4. Hold the hotkey, speak, release — or just type:
rex-ask "what files changed in the last commit"
rex-chatRex transcribes, thinks, acts, responds. That's the loop.
| Platform | Status |
|---|---|
| Arch Linux — Wayland / Hyprland | ✅ Primary target |
| Linux — X11 / other compositors | ✅ Supported |
| macOS | ✅ Supported (launchd automation in progress) |
| Windows | ✗ Not planned |
Rex is in early development. This table reflects what actually works right now.
| Capability | Status |
|---|---|
| Push-to-talk voice input | ✅ Working |
| On-device STT — 3 backends, auto-selected | ✅ Working |
| LLM integration — streaming, tool calling | ✅ Working |
| Piper TTS voice output | ✅ Working |
| Tools — file, shell, web, clipboard | ✅ Working |
| Conversation memory — SQLite, local | ✅ Working |
Text input — rex-ask / rex-chat |
✅ Working |
| Project memory — facts, context injection | ✅ Working |
rex-remember — persistent user facts |
✅ Working |
| Floating pill indicator (GTK4, Wayland) | ✅ Working |
| Speech preprocessing — no markdown to TTS | ✅ Working |
| First-run wizard | 🔜 v0.6 |
| Project scaffolding | 🔜 v0.7 |
| Context awareness — editor, git, window | 🔜 v0.8 |
| AUR / Homebrew package | 🔜 v1.0 |
The core is solid. What's missing is depth, polish, and reach. That's the roadmap.
| Installation | Full setup per platform |
| Configuration | Every config key with defaults |
| Architecture | How Rex works internally |
| Roadmap | Where Rex is going |
| IDEA.md | The long-term vision |
Contributions are welcome at every level — bug reports, docs, new tools, STT backends, anything.

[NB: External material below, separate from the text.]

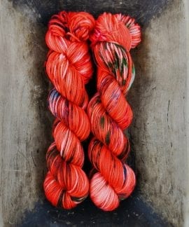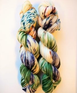 This is our DK yarn base. 100 g handdyed yarn, 225 m. 100% merino, 4ply. Soft as always, and great for sweaters and thicker knit. Mulesing free. Gently handwash in lukewarm water.

Read CONTRIBUTING.md for the workflow and HACKING.md for internals. All contributions require passing CI. A few things worth knowing before you start:
- Rex is intentionally minimal. Features that belong in a plugin shouldn't be in core.
- The daemon is single-process asyncio. No threads unless absolutely necessary.
- Privacy is non-negotiable. Nothing that adds a cloud dependency touches
main. - Read IDEA.md first — understanding the vision prevents building in the wrong direction.
Security issues → SECURITY.md
Most AI assistants are cloud products. Most require an account. Most forget you between sessions. Most force you into one input method.
Rex is built on a different assumption: your assistant should live on your machine, know your work, and stay out of your way until you need it. Input method shouldn't matter. Privacy shouldn't be a premium feature. Memory shouldn't reset on restart.
That's the idea. Rex is the early, honest version of it.